> _PROVIDED MATERIAL_

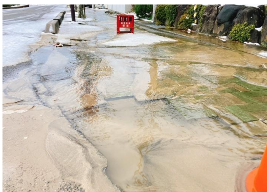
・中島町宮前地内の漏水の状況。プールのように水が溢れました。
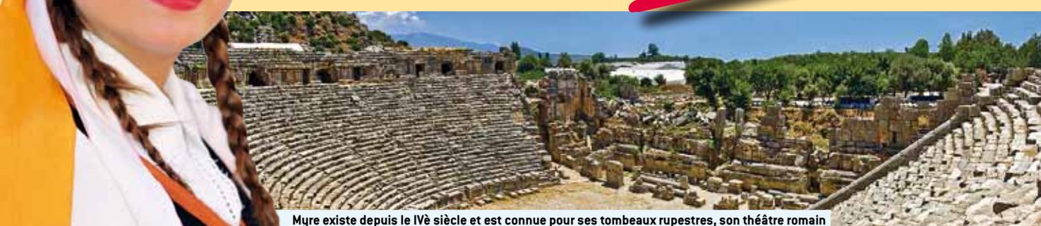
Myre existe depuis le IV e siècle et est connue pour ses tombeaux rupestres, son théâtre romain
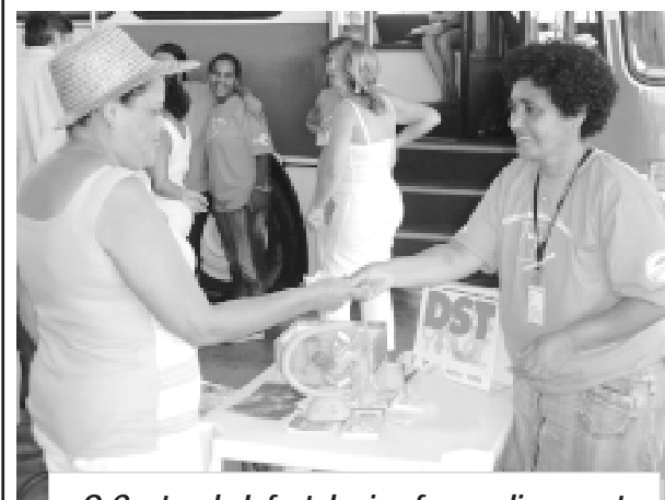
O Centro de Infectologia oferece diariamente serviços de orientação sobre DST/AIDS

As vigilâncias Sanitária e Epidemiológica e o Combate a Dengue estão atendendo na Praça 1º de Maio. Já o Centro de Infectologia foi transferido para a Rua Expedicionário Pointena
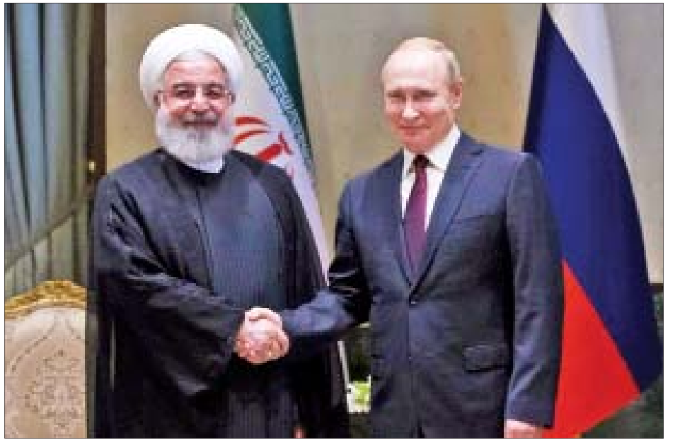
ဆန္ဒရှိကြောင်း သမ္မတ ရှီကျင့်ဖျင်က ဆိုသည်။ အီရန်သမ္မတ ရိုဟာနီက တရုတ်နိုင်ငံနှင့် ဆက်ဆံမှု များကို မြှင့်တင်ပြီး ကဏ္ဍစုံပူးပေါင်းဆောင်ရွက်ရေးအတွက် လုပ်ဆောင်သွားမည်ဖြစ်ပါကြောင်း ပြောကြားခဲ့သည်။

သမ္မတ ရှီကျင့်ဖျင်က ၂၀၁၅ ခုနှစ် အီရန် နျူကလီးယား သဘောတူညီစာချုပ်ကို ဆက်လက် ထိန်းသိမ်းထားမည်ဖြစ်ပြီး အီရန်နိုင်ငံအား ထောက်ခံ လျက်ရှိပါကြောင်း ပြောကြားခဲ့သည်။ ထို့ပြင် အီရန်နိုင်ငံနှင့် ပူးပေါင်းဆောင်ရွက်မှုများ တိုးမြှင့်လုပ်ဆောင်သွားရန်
...
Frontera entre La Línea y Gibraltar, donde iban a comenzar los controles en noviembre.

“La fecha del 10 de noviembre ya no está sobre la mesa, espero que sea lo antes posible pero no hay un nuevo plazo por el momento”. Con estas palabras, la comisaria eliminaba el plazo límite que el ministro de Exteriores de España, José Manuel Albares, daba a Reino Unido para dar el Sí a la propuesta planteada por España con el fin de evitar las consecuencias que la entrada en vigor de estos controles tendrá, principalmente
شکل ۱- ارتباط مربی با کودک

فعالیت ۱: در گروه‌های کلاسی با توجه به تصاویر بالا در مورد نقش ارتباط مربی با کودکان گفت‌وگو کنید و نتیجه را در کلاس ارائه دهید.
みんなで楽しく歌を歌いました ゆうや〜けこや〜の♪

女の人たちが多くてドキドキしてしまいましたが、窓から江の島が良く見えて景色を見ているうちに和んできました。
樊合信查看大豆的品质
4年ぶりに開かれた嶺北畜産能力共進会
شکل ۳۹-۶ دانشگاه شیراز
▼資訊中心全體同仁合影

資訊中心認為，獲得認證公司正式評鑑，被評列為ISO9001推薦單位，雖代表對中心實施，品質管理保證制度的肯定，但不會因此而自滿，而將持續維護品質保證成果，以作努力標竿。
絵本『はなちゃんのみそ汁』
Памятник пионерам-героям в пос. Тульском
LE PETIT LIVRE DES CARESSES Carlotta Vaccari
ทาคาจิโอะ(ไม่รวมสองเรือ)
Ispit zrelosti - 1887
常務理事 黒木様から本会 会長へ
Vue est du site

> _ABOUT THIS TASK_
The required output is every line above from the one with "みんなで楽しく歌を歌いました ゆうや〜けこや〜の♪" down to the one with "Vue est du site", restated word for word, ends included.

> _SOLUTION BELOW_
みんなで楽しく歌を歌いました ゆうや〜けこや〜の♪

女の人たちが多くてドキドキしてしまいましたが、窓から江の島が良く見えて景色を見ているうちに和んできました。
樊合信查看大豆的品质
4年ぶりに開かれた嶺北畜産能力共進会
شکل ۳۹-۶ دانشگاه شیراز
▼資訊中心全體同仁合影

資訊中心認為，獲得認證公司正式評鑑，被評列為ISO9001推薦單位，雖代表對中心實施，品質管理保證制度的肯定，但不會因此而自滿，而將持續維護品質保證成果，以作努力標竿。
絵本『はなちゃんのみそ汁』
Памятник пионерам-героям в пос. Тульском
LE PETIT LIVRE DES CARESSES Carlotta Vaccari
ทาคาจิโอะ(ไม่รวมสองเรือ)
Ispit zrelosti - 1887
常務理事 黒木様から本会 会長へ
Vue est du site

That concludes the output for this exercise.